What is Linux protecting us from by using passwords?
Bad humans & mistakes. But Linux doesn’t need passwords.
Linux & Windows came from a command-line history, so things like UAC are just a GUI version of
sudo(and there is (was?) a Linux equivalent if you wanted it)So, consider these as options on either OS. If you want it, it’s there, if you don’t, don’t - other options exist depending on your uae case (ie SSH keys, biometrics, etc…)
To the point; not using a password is a choice on convenience over protection.
Linux & Windows came from a command-line history, so things like UAC are just a GUI version of sudo (and there is (was?) a Linux equivalent if you wanted it)
Can confirm that the GUI versions of sudo (and similar privilege escalation interface) exist on Linux, at least for KDE, in the form of kdesu.
It’s there to protect you from crimes of opportunity. Like if your car is locked, a thief could decide to pick the lock, smash the windows in, or find another victim, but they would have no second thoughts if your car were already unlocked. The password deters a casual hacker and buys you some time to notice and deal with anyone seriously trying to break in.
In an ideal case of disk encryption and a well-designed lock screen, the password forces a would-be intruder to either spend lots of time guessing it or shut down the computer, thereby discarding the encryption key from memory and thwarting the attack.
What are passwordless solutions in Windows for remote access, disk/filesystem encryption, keyrings?
BTW in all that cases a password can be replaced with a hardware token, for instance. It is just the simplest, most widely used and one of the less secure options.

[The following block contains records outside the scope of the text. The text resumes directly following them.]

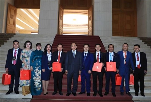 12月18日下午,越南政府总理阮春福会见荣获红星奖青年企业代表。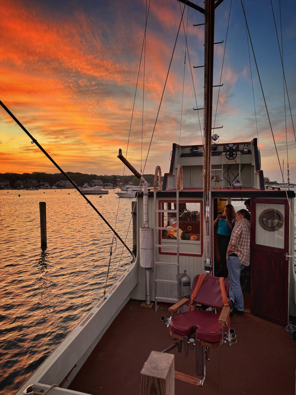 Later, after a much-needed lobster roll dinner at Lookout Tavern, the housemates and I wandered back to the Orca at magic hour for one final visit. But the real magic was in discovering Dreyfuss was there too, onboard the ship, and singing “Show Me the Way to Go Home.” Witnessing that moment in person alone made this whole trip worth it.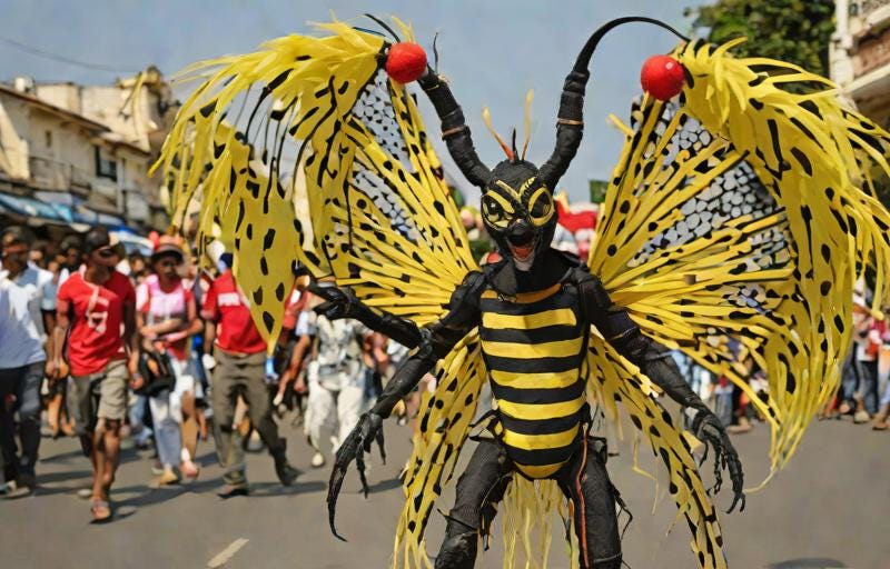 Máscaras contra a covid e repelente contra a dengue, eis a fantasia da ala dos anciãos.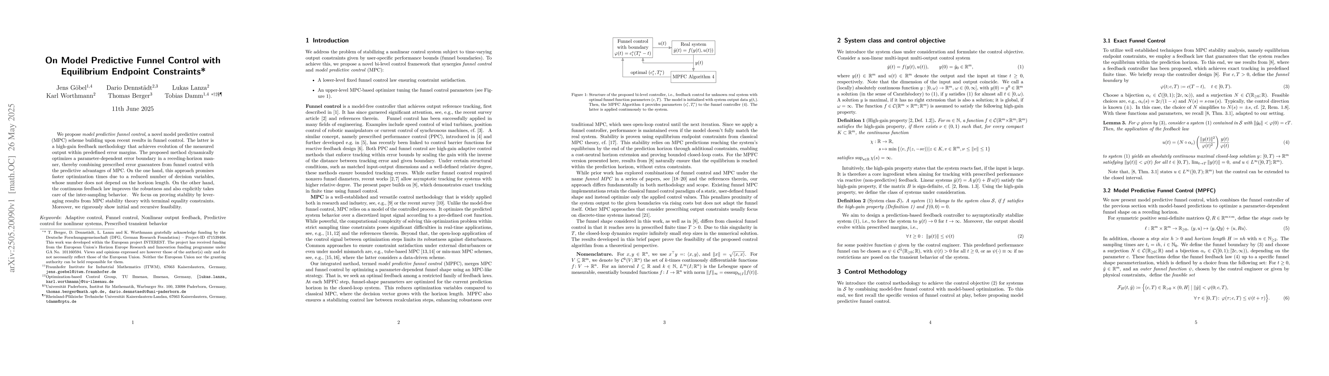 This paper introduces model predictive funnel control, a novel method combining funnel control's error guarantees with MPC's predictive advantages, promising faster optimization times and improved robustness.

I will not address the core questions since others have. I will offer a solution that might do what you want. I disclaim all responsibility if you choose to do this.

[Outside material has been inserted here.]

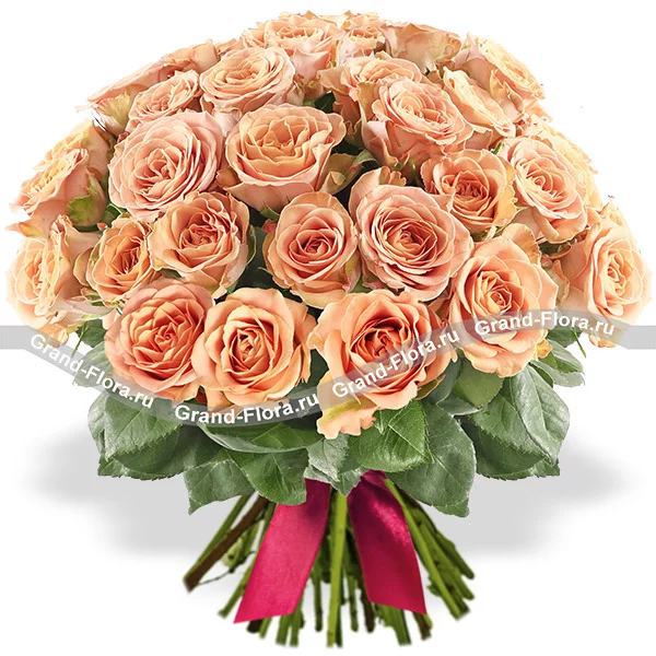 Роза Капучино 60 см. - 41 шт., упаковка, лента.

You can buy keyboards such that when you press a macro button, it will type an arbitrary string. Some Logitech keyboards have (had?) programmable keys that did this.

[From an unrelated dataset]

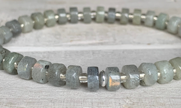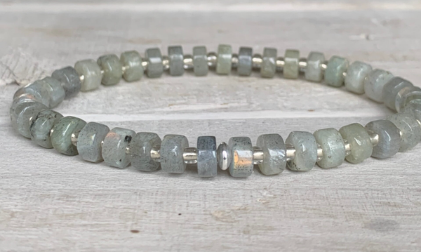 Im filigranen FLUSSAUE Labradorit Armband im edlen Bohostyle sind glatte Edelstein Heishi Rondelle im Wechsel mit kleinen Glasperlen, veredelt mit einem feinen 925 Sterling Silber Rondell, zu einem zeitlosen Perlenarmband verarbeitet.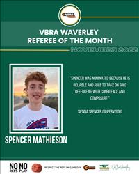 This month we would like to congratulate Spencer Mathieson! Spencer was nominated by Referee Supervisor Sienna Spencer for his confidence and composure while refereeing solo.

I’m not suggesting this is a good solution, but it is a solution.
Edit: idc about the downvotes on this, I’d probably downvote it too. But since OP keeps asking this question over and over and over and over and over and over again I gave him what he wants. I do not endorse doing this. I don’t do it, passwords are important
I don’t believe there is any particular advantage of linux insisting on password input for privilege escalation. Obviously there is no proof of this, but I suspect that the design of this privilege escalation flow in linux is at least partly caused by its popularity as a server OS, for example the UI flow for Windows UAC wouldn’t work if you’re trying to remotely administrate a server through the terminal.
Is Windows + UAC + no password secure?
It should be, in fact I believe that by default if your local admin account doesn’t have a password set, remote logins and run-as is disabled for that account so you might even be able to argue that it is more secure. It’s probably one of the reasons why Windows 11 comes with a recommended option to disable passwords and only authenticate through Windows Hello.
No, that recommend is because your biometrics are worth more to Microsoft than a random password, and they want to push it to seem more friendly to noob users who they’ll push towards a Microsoft online account instead of a local account.
You can use windows hello without biometrics.
With either a physical security key (which no “average user” owns), or a damn numeric pin, which is vastly less secure than a password of the same length.
You can use letters and symbols in windows hello pins.